=== Section Start ===
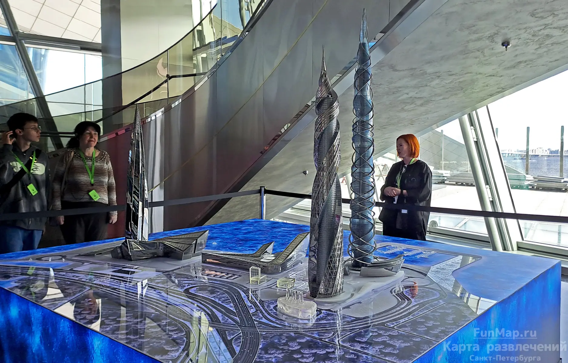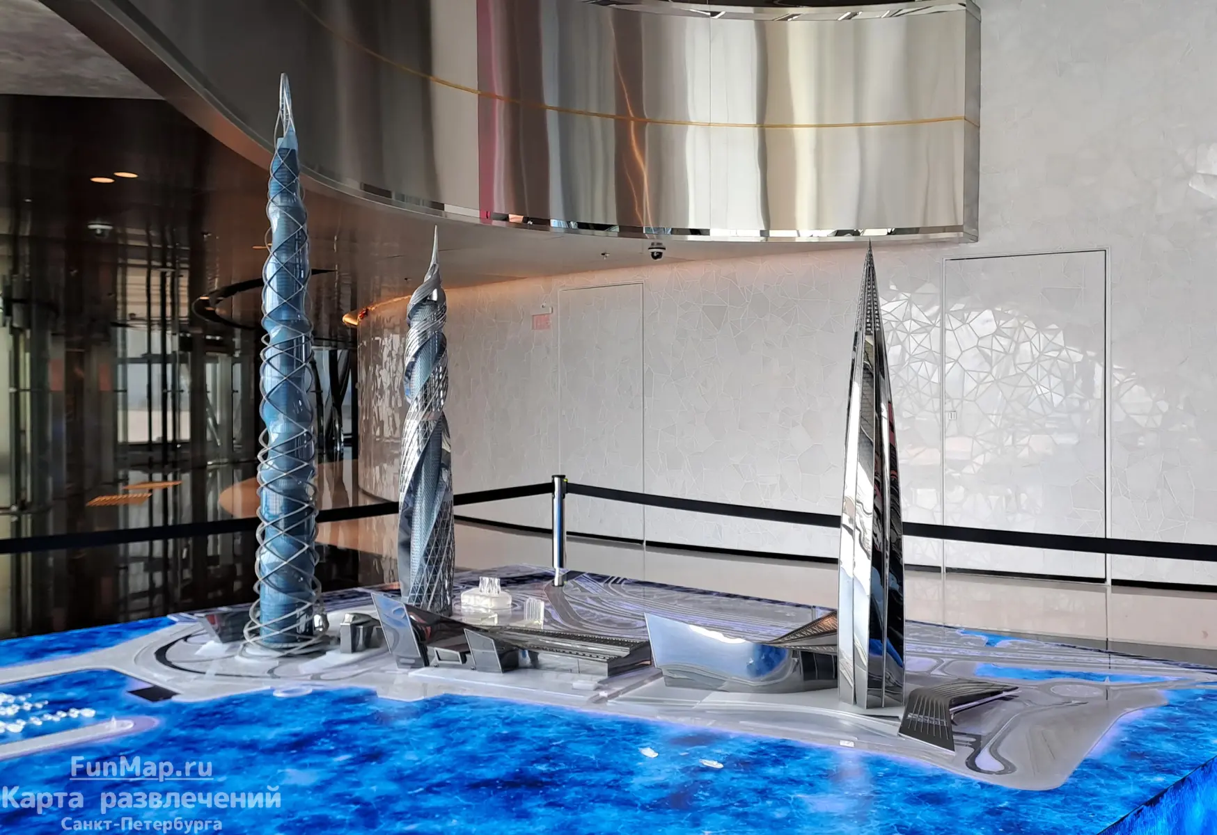 Первая остановка была на 3-м этаже около макета Лахта Центра, на котором также изображены 2 других небоскрёба, которые планируют построить рядом.
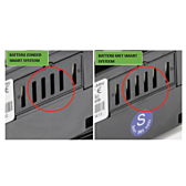 Deze Phylion SF-03 SMART 37V 11Ah fietsaccu met achterlicht heeft een SMART systeem in de fietsaccu. De fietsaccu is daarom alleen geschikt voor fietsen waarbij een SMART systeem fietsaccu nodig is. U kunt aan onderstaande afbeelding zien of uw originele Phylion SF-03 SMART 37V 11Ah fietsaccu uitgevoerd is met een SMART systeem.
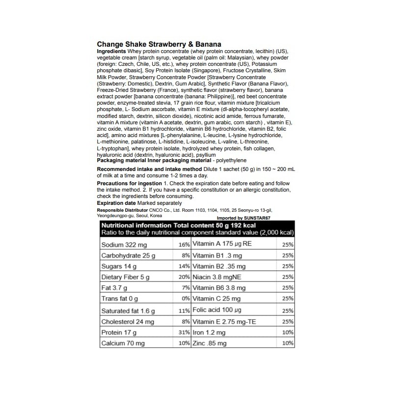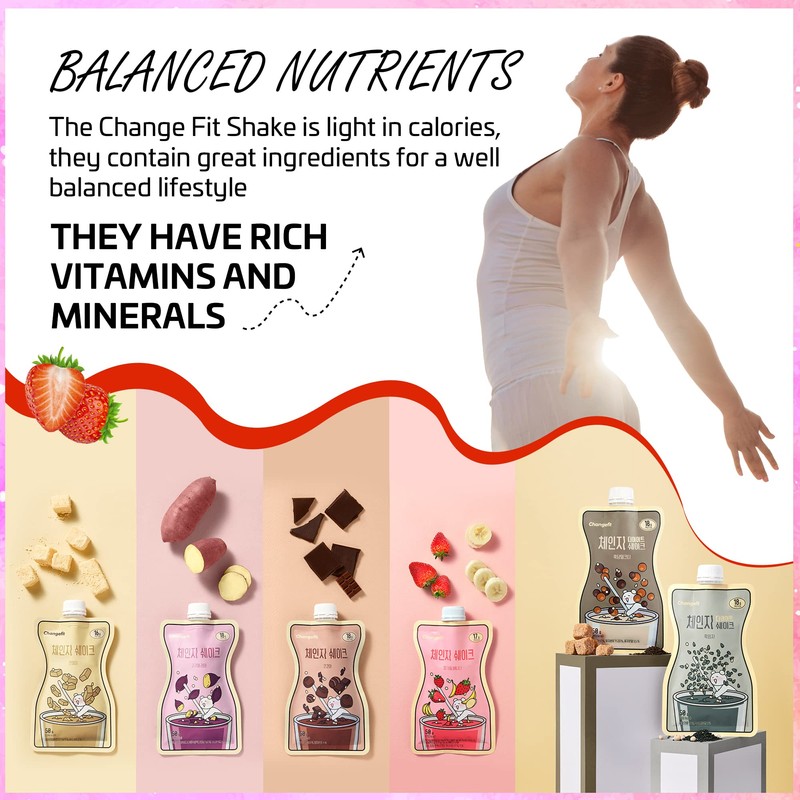 Change Fit Shake [체인지핏], On-The-Go Protein Shake Pouch and Meal Replacement, Rich in Vitamins and Minerals, and Delicious Flavors, Made In Korea - 50g/Pouch (5 Pack of Strawberry & Banana)
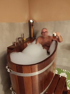Was für eine Wohltat. Das 45-minütige Bad im großen Holzzuber
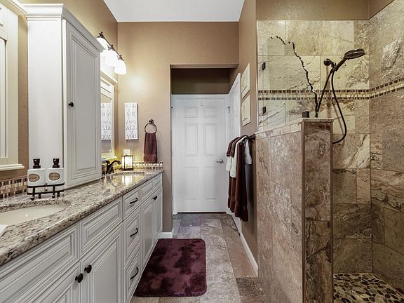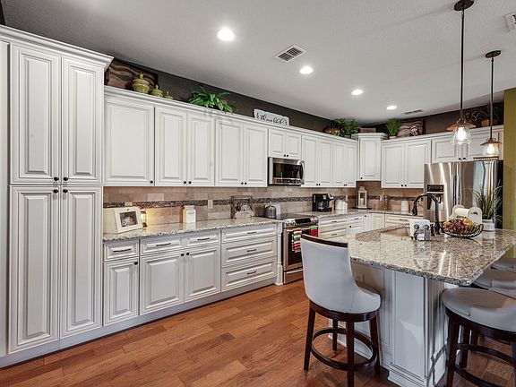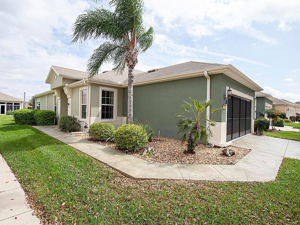 Custom Augustus Villa completely renovated with all the high end finishes and new mechanicals you could want or wish for. Let the pictures tell the story, but highlights include new kitchen and both baths. New flooring throughout, custom paint lighting and hardware. Extended living includes the lanai opened to home and finished the same as the entire interior. Dual paint high energy efficient windows, trim, flooring and lighting. Additional screen enclosure with solid roof so that you can enjoy the outside rain or shine. Custom landscaping driveway and walkway. Screened garage door, new HVAC and water softener and appliances in kitchen. You MUST see it to believe it. I would hurry if you want to purchase a luxury maintenance free villa in Stone Creek!
=== Section End ===
Your goal: Retype exactly the lines from the line containing "Was für eine" through the end of the entries above, including both ends, and leave every picture out.

Answer for this exercise:
Was für eine Wohltat. Das 45-minütige Bad im großen Holzzuber
 Custom Augustus Villa completely renovated with all the high end finishes and new mechanicals you could want or wish for. Let the pictures tell the story, but highlights include new kitchen and both baths. New flooring throughout, custom paint lighting and hardware. Extended living includes the lanai opened to home and finished the same as the entire interior. Dual paint high energy efficient windows, trim, flooring and lighting. Additional screen enclosure with solid roof so that you can enjoy the outside rain or shine. Custom landscaping driveway and walkway. Screened garage door, new HVAC and water softener and appliances in kitchen. You MUST see it to believe it. I would hurry if you want to purchase a luxury maintenance free villa in Stone Creek!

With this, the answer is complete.